This article was originally published by Diacritik on 1 May 2023.
Many bad things are being said about Macron in connection with the forced passage of the pension reform. He is said to be egotistical, arrogant and anything but clever. People forget that he is the man for the job, whose historical function today is to pursue a project that goes beyond just him. We need to get away from a petty ‘psychological’ analysis and consider objectively a policy which, although brutal and sometimes tragically irrational, nevertheless has a precise meaning in the history of our societies. The personal and even sociological characteristics of an individual obviously count, but only in having made Macron this warlord whom people admire or detest. The hatred, even rage, that he inspires in many people is explained by understanding the reasons behind his actions and the effects that they have. Of course, Macron is not Napoleon, nor Putin either. This war does not mobilise planes or tanks; it is muted, diffuse, long term, both political and policing, ideological and budgetary, parliamentary, and fiscal. It is not directed against an external enemy, it targets the population, and deliberately its poorest part, those doing menial jobs and the hardest work. It weakens, distorts and destroys, whenever circumstances and the balance of power allow, everything that could oppose its great project of a ‘fluid society’, ideally made up of innovative entrepreneurs, young people dreaming of billions and a mass of individuals who have only themselves to rely on in surviving amidst generalised competition.

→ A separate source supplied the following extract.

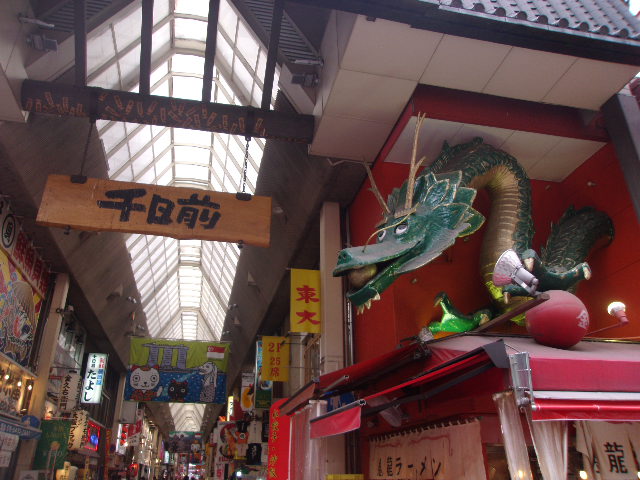 金龍ラーメンはこのエリアに数店舗のお店があり、普通の600円のラーメンとチャーシュー入りの900円のラーメンの二種のメニューしかありませんが、ライスやキムチ、ニラ、にんにくなどの盛り放題(セルフ)サービスがあって、特にがっつり食べたい男性客に人気がある印象のお店でした。こちらの店舗に関しては、道頓堀エリアの一番観光客で賑わっているエリアに店舗があって、丁度千日前アーケードの入口に例の龍の姿が見られますので、立地的にも判りやすいと思います。ただ、利便性から昼時の混雑は尋常でなく、客席もあまり広くありませんので、個人的にはもう少し東寄りにある店舗の方がゆっくりできてお勧めかなと思います。
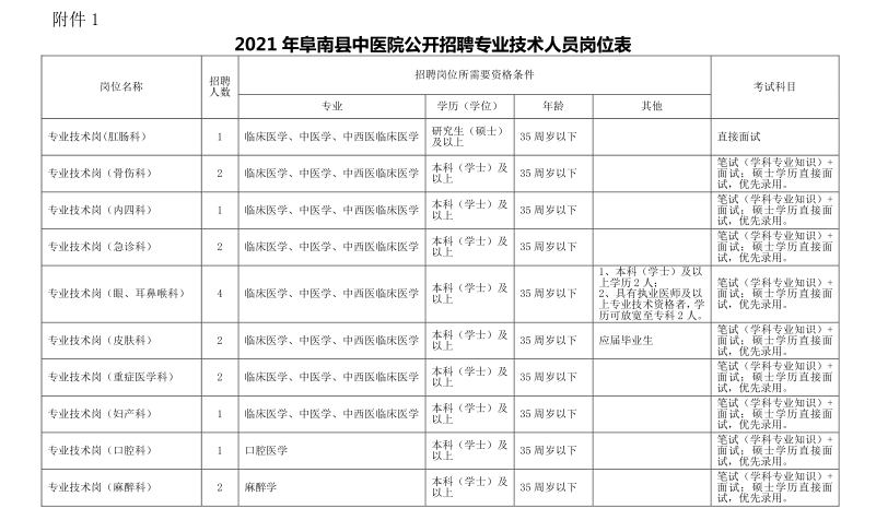 附件1:《2021年阜南縣中醫(yī)院公開招聘專業(yè)技術人員崗位表》

The programme on which Macron was elected in 2017, which promised a ‘revolution’, should not be taken lightly. This was the title of his campaign book, which, contrary to what has been widely said, was not just a little marketing operation. This revolution from above is one of leaders, local oligarchs, mainstream economists, and current editorialists. In a word, this heralded neoliberal revolution is still, and more than ever, on the agenda. Let’s be clear, Macron didn’t invent anything, he is the actor of a scenario that has been unfolding its effects for a long time. What is particular about him is a political career that is ‘outside the box’, sufficiently ‘disruptive’ not to bother with the basic forms of democracy, even less with social dialogue, and not even with legality when, for example, he has to defend manu militari ecocidal projects suspended by the courts, as with the case of the mega-reservoirs. Macron is the ‘transgressive’ and ‘brutal’ figure who was needed to accelerate the process of in-depth transformation of society, at a time when it would be far more urgent to reflect ‘responsibly’ on its social, ecological, and political claims.

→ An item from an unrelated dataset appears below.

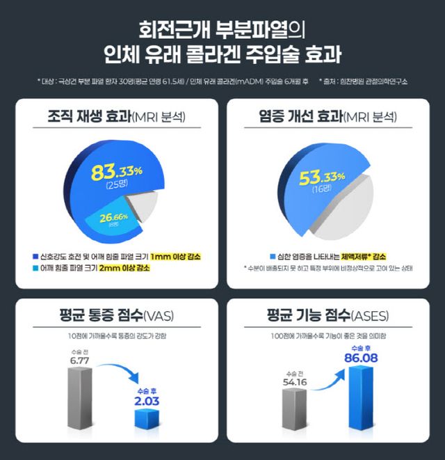 회전근개 부분 파열 시 주로 시행하는 견봉성형술은 힘줄을 자극하는 어깨뼈(견봉)를 다듬어 어깨 관절 내 공간을 넓혀주는 방식이다. 힘줄에 가해지는 물리적 마찰을 줄여 통증 완화, 어깨 관절 기능 개선과 더불어 파열 속도를 늦추는데 효과적인 치료법이지만 손상된 힘줄 자체의 구조적 회복을 직접적으로 유도하기에는 한계가 있었다. 이에 따라 견봉성형술과 같은 물리적 공간 확보 외에, 파열된 힘줄 조직에 직접 작용하는 콜라겐 주입술의 치료 효과에 대한 임상적 검토가 활발히 이루어지고 있다.
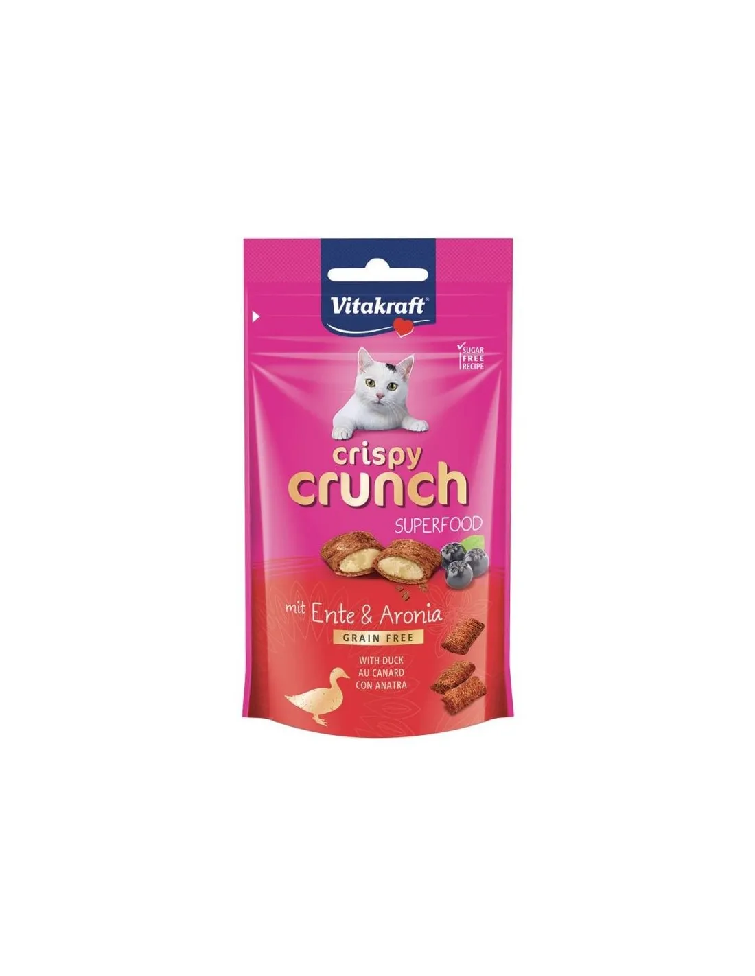 Vitakraft Crispy Crunch Superfood au Canard et à l'Aronia est une collation de 60 g pour chats. Cette délicieuse collation croustillante fourrée crémeuse est idéale pour vos amis félins. Les friandises ne contiennent ni sucre ni céréales, ce qui en fait une option saine pour votre chat.

The present impasse of the administration is often explained in terms of the use of means that are scarcely compatible with political liberalism. It is fortunate for Macron that the constitution of the Fifth Republic offers the president procedures to bypass both parliament and public opinion. That he uses and abuses them, weakening a so-called representative democracy that is already shaky, is obvious, but these forms of brutalisation are not enough to characterise the meaning of the action itself. In other words, Article 49.3 is only the generic weapon of a more specific war, as are also the police forces and their immoderate use of violence.

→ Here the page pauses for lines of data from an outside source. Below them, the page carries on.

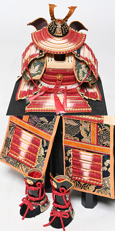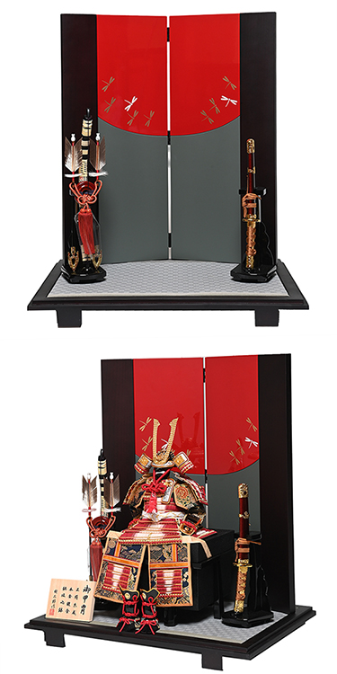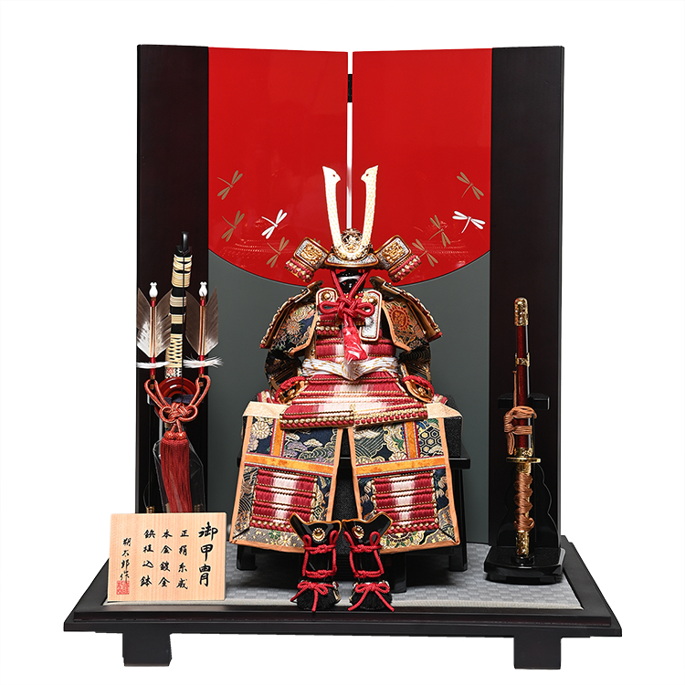 人形の伏見屋 > 五月人形 > 鎧平飾り > 5号長鍬形茜糸沢瀉威蜻蛉屏風床飾:朝比奈朔太郎作
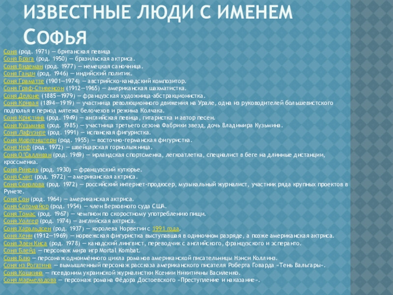 4) https://ru.wikipedia.org/wiki/%D0%A1%D0%BE%D0%BD%D1%8F_(%D0%B8%D0%BC%D1%8F)
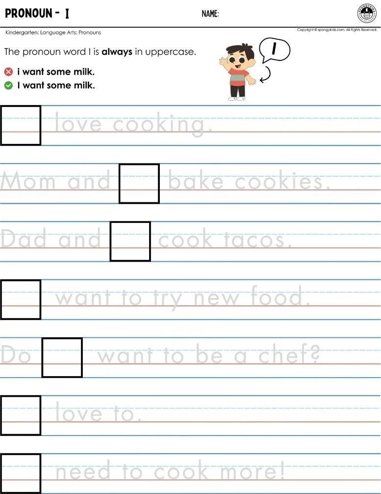 In this fill-in-the-blank exercise, students will learn that the pronoun "I" is always capitalized. They should write it with a capital letter, regardless of its position in the sentence.

Some people mistakenly hold that neoliberalism is a doctrine too heterogeneous or incoherent to cause major concern. Others believe this doctrine has already been consigned to the dustbin, along with the policies and modes of government that find their rationality in it, as if it had been enough to note its catastrophic effects on nature and society to be definitively rid of it. Errors of analysis have piled up, leading to many blind spots. We urgently need to understand that neoliberalism is a doctrine of civil war, in the sense that Michel Foucault argued, in his analysis of power, that ‘civil war is the matrix of all struggles of power, of all strategies of power’. This is something the current government knows perfectly well, since it deliberately and systematically practises civil war while accusing the various ‘enemies of the republic’ of being responsible for it, in a reversal very suggestive of denial.
Fear of democracy
Neoliberalism – a doctrine that former prime minister Édouard Philippe hailed in his address to the Authorité de la Concurrence in 2019, paying tribute to one of its main founders, Friedrich Hayek, and his conception of the state as the legal guardian of efficient economic competition – was born at the turn of the 1930s with the aim of establishing a firm and coherent political order that would protect private property and guarantee competitive market exchanges: ‘economic freedoms’. Liberalism had to be ‘renewed’ by making the state the protective membrane of market competition, because the laissez-faire policy of the classical liberals and their doctrine of the minimal state had failed to protect the market from the powerful and dangerous desire of the masses for equality. From the outset, neoliberal advocates thus explicitly identified the main problem threatening their project of using the state to make the market more fluid: democracy, which was always likely to endanger economic freedoms. Their political strategy, rooted in a deeply reactionary demophobia, has remained unchanged from Hayek to the present day. It consists in containing, neutralising, or destroying all forces that would attack private economic interests and the principle of competition in the name of social justice, which it denounces as a myth.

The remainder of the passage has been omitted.